Edited by Stephen G. Wilson
Reviewed by Richard C. Smith

Richard C. Smith is a professor in the Classics Department of the
University of Alberta.

Review

This selection of essays edited by S.G. Wilson, Professor of Religion at Carleton University, presents work from the final two years of a five-year seminar held at annual meetings of the Canadian Society of Biblical Studies in 1981 and 1982. Though the title focuses on anti-Judaism, the essays are much more concerned with the relationship between Judaism and Christianity during the first two centuries of our era and the causes for separation between the two religions rather than anti-Semitism as such.

The volume comprises eight essays, including two by the editor, as well as an evaluation in retrospect of the results of the total five-year process by Professor Lloyd Gaston of the Vancouver School of Theology. The editor has also provided an introduction, notes on the various contributors, an index nominorum and an index locorum.
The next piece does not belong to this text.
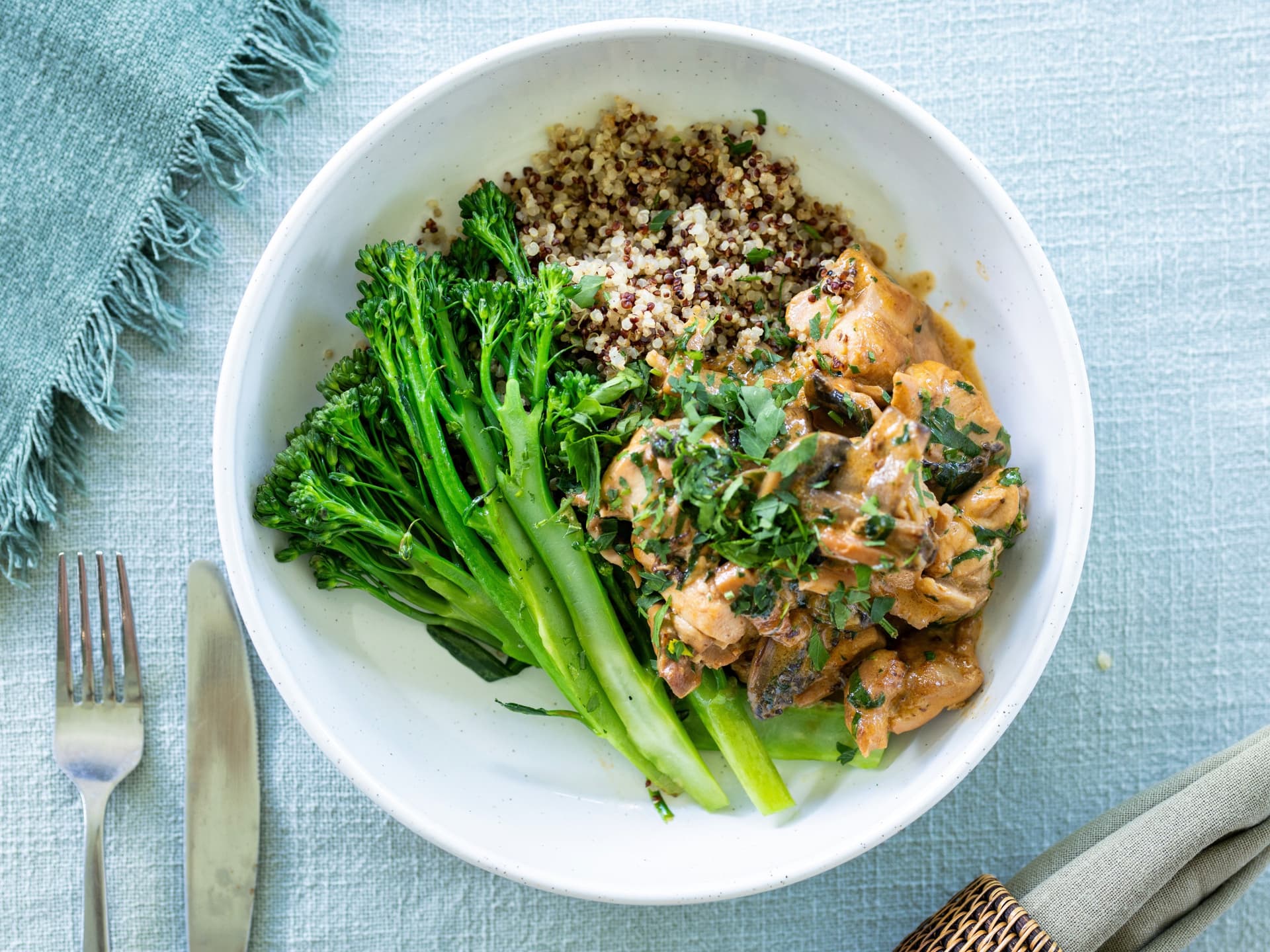 A comforting classic with a chicken twist, Freerange chicken, bacon and mushroom deglazed with wine simmered with homemade stock tomato and sour cream finished with parsley toss with pasta or serve with mash and vegetables.

Professor Wilson’s two essays deal with the second-century heretic and gnostic, Marcion, and the Christian orator, Melito, who flourished in the reign of Marcus Aurelius. Since Marcion’s views were often the majority view of Christians in this period, the first essay makes clear that Marcion’s ideas were much more the rejection of the authority of Judaism than the rejection of Jews themselves. The more extreme Catholic position, as illustrated by Melito of Sardis, on the other hand, appropriated all the authority of Jewish tradition and Scripture for Christianity but viewed the Jews themselves as the murderers of God. It is especially ironic that Melito, at least, seems to have been led to his unfortunate position by his own desire to appropriate Jewish Passover traditions for Christian belief and practice including the celebration of Easter on the day of Passover instead of the first Sunday after Passover.
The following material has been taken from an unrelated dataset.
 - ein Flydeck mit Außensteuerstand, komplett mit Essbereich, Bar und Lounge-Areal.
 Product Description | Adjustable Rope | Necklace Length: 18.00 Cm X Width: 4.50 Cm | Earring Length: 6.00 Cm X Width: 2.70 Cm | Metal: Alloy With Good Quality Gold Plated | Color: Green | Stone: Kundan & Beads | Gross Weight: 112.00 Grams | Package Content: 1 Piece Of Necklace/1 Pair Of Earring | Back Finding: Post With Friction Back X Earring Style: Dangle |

William Klassen of the Interfaith Peace Academy of Jerusalem offers an interesting essay on the epistle to the Hebrews. He proposes that the epistle seems to have been written before 70 C.E. and, if so, would have been well received by Jews living outside of Judea and Jerusalem and even these would not have had any great difficulty with it. In contrast, M.B. Shukster and Professor Peter Richardson of the University of Toronto note that the epistle of Banabas is most polemical against Judaism because at the end of the first century, Judaism had become a most attractive alternative to Christianity. Since they feel that the epistle was a product of Syro-Palestine, the change to direct attack on the temple and rabbinic exegesis in only a few years from the presumed time of the epistle to the Hebrew is striking.
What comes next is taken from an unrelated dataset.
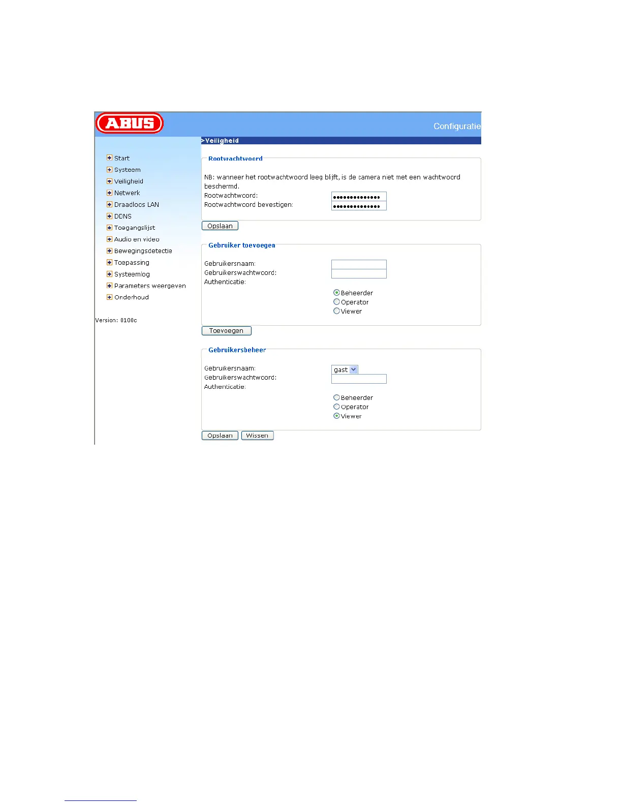 Klik nu op button “Configuration” een daarna op punt “Veiligheid”.
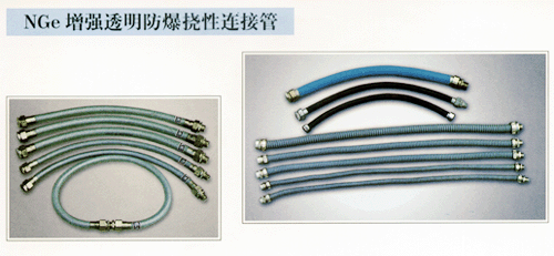 我廠生產(chǎn)的NGe增強透明防爆撓性連接管、防爆標(biāo)志、ExeII防爆合格證號CE001140它除具有同類產(chǎn)品的性能之外,還具有外形美觀、耐用、可撓性好、結(jié)構(gòu)牢固可靠,軟管兩端為鋼制螺紋活接頭,兩端為壓口,表面鍍鋅或鍍鉻。軟管長度與接頭螺紋可根據(jù)用戶要求制作。

Lloyd Gaston, as well as a retrospect, also contributed an essay on Ignatius of Antioch and related writers of the second century. He points out that much of the so-called anti-Judaism found here is really directed against Gentile Christians who adopted various Jewish practices (including reading the Septuagint as scripture!). Such Christians are also criticized in the Pastoral Epistles and Revelation. Such criticism was totally misunderstood later and was thought to be directed against actual Jews.

In other essays, Harold Remus of Wilfrid Lauricr shows that Justin Martyr’s so-called argument with Judaism is really designed to convert pagans; Jack Lightstone of Concordia University indicates how Early Rabbinism, Hellenistic Judaism, and early Christianity all offered holy men as mediators; and Alan Segal of Barnard College traces gnosticism in Christianity and Judaism (as well as calling for further study of the subject).

Taken together, the essays are a strong indication of the excellent work being done in this area of interpretation. It is to be hoped that not only the views expressed here will be carefully studied but that the results of further seminars on similar topics will be made available from the Society of Biblical Studies.